The true import of the risk factor No. 55 in Coal India Ltd's IPO prospectus — “the interests of the Government of India (GoI) as our controlling shareholder may conflict with your interests as a shareholder” — perhaps did not dawn on investors who made a scramble for the Maharatna company's shares offloaded by the government to the public in 2010.
Even post-IPO, the GoI, with a 90 per cent stake, retains its stranglehold on the company.
It is not the high percentage — which, incidentally, makes a mockery of its widely-held character implicit in listing — that by itself is frightening.
Investors like the Children's Investment Fund of the UK have joined issues with the government for several acts of self-abnegation, consisting chiefly of selling coal cheap
Fuel supply agreement
It pointedly invites a wannabe investor's attention to a clause in the Memorandum of Understanding (MOU) that CIL has entered into with the GoI, which, for good measure, is also reiterated by the company's own articles — “the President of India may issue directives with respect to the conduct of our business or our affairs for as long as we remain a government-owned company”. That is precisely what has happened. The government has, through a Presidential directive, asked CIL to sign 20-year fuel supply agreements (FSA) with power producers commissioning plants between April 2009 and March 2015.
In the event, the investors can only twiddle their thumbs nervously at the prospect of CIL having to meet 80 per cent of the coal requirements of these plants, as mentioned in the FSA, whether through mining in India or by importing from abroad. In short, by moving heaven and earth.
Penalty clause
But the directive seems to have left a vital issue — penalty for non-compliance with the FSA — delightfully vague, in fact, unquantified. The Coal Minister, Mr Sriprakash Jaiswal, has interpreted this to mean that the penalty would be decided by the Board of Directors of CIL. Touché. Since when did international and Indian jurisprudence allow a defaulter to write his own punishment? Markets with taut nerves in the wake of the Presidential directive might perhaps breathe easy at the laughably benign penalty clause.
The government's pummelling of CIL has had quite a few sidelights. First, the assertion of independent directors: They put their foot down and refused to sell cheap, besides refusing to commit themselves to an onerous FSA. But what can they do in the face of a Presidential directive?

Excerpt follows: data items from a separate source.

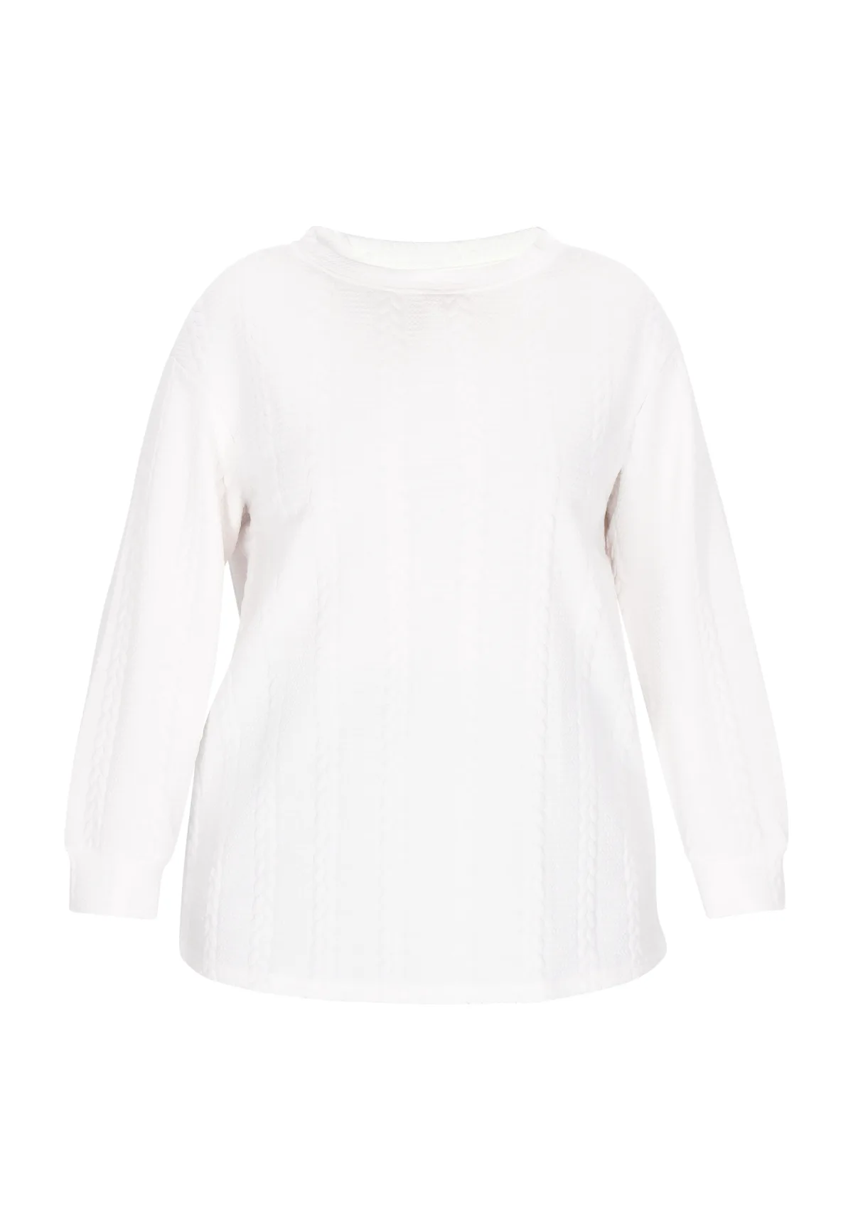 Deze losvallende sweater met ronde hals en lange mouwen is een stijlvolle aanvulling op je dagelijkse outfit. Het kabelpatroon zorgt voor textuur, terwijl de brede manchetten en afgeronde zoom de casual look versterken. Ideaal voor vrouwen met een maatje meer die op zoek zijn naar comfort en veelzijdigheid in hun garderobe. Het maakt deel uit van de Plus Size Collectie. Plussize sweatshirt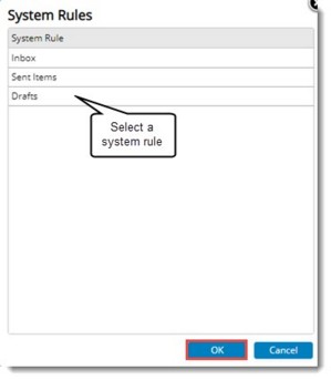 - System Rules window is displayed. Here system rules corresponding to the selected folder type is displayed. Select a rule and click OK.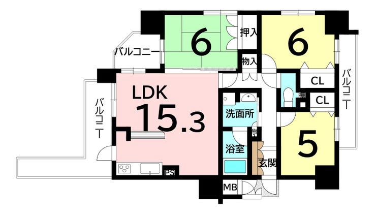 3面バルコニー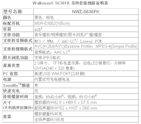 与扬声器一体搭配的Walkman® NWZ-S636F集播放音乐、视频、观看照片、收听FM广播等多种功能于一身,满足用户的多种数字娱乐需求。NWZ-S636F播放器秉承了索尼Walkman®一贯的高音质传统,具备数码音效提升引擎(DSEE),高保真立体声和清晰重低音等索尼核心技术,以实现高品质的音乐回放和震撼人心的重低音效果。同时,作为S系列播放器的一员,S636F播放器的另一亮点是内置SensMeTM频道,利用索尼简易音乐资料检索技术(LCMIR),根据歌曲的基调、速度和音调,自动建立不同的播放列表,让你轻易选取适合自己心情的音乐。

Their courage must, nevertheless, be lauded, given that independent directors are generally considered to be apathetic, if not spineless – recall l'affaire Satyam.
Many right-thinking people would wonder as to whether the Maharatna status means anything at all, if a company cannot be the arbiter of its own commercial fortunes, more so when it is listed on the Bombay Stock Exchange.
Be that as it may, investors perhaps may not take a dim view of Section 619 of the Companies Act, which wrenches away from the boards of government companies, and by extension from their shareholders, the right to appoint the auditor of their choice. These companies have to submit themselves to the CAG regimen, including the appointment of an auditor from the panel maintained by the CAG.
Investors may, in fact, be happy that CAG is one auditing institution that inspires confidence in people, despite its being pilloried in some quarters for rushing out with brash figures of opportunity losses by certain government companies, including CIL.
The following Section 620, however, is an implicit risk factor by itself for all government companies. For, it says that the Central Government, by a notification, may mandate peremptorily that the specified sections of the Act do not apply to government companies, or apply as modified by the notification.
Who knows, using this power, the next act of ham-handedness could be keeping out the accounting minutiae from public scrutiny, lest those like the Children's Investment Fund of the UK ask some inconvenient and troubling questions.
Impact on divestment
Anyway, the Presidential directive would have the effect of reducing interest in future sell-offs by the government. The disinvestment process would receive a setback. What was known already — incompatibility in the twin roles of the government, investor and regulator — has now come into prominent relief. Ironically, CIL shareholders' loss could spell partial gains for the shareholders of another government behemoth, NTPC, which could actually benefit from the FSA. Right now, only fuel suppliers are on the mat. What investors like Children's Investment Fund are asking with injured innocence could well be asked in the context of state-owned oil marketing companies as well.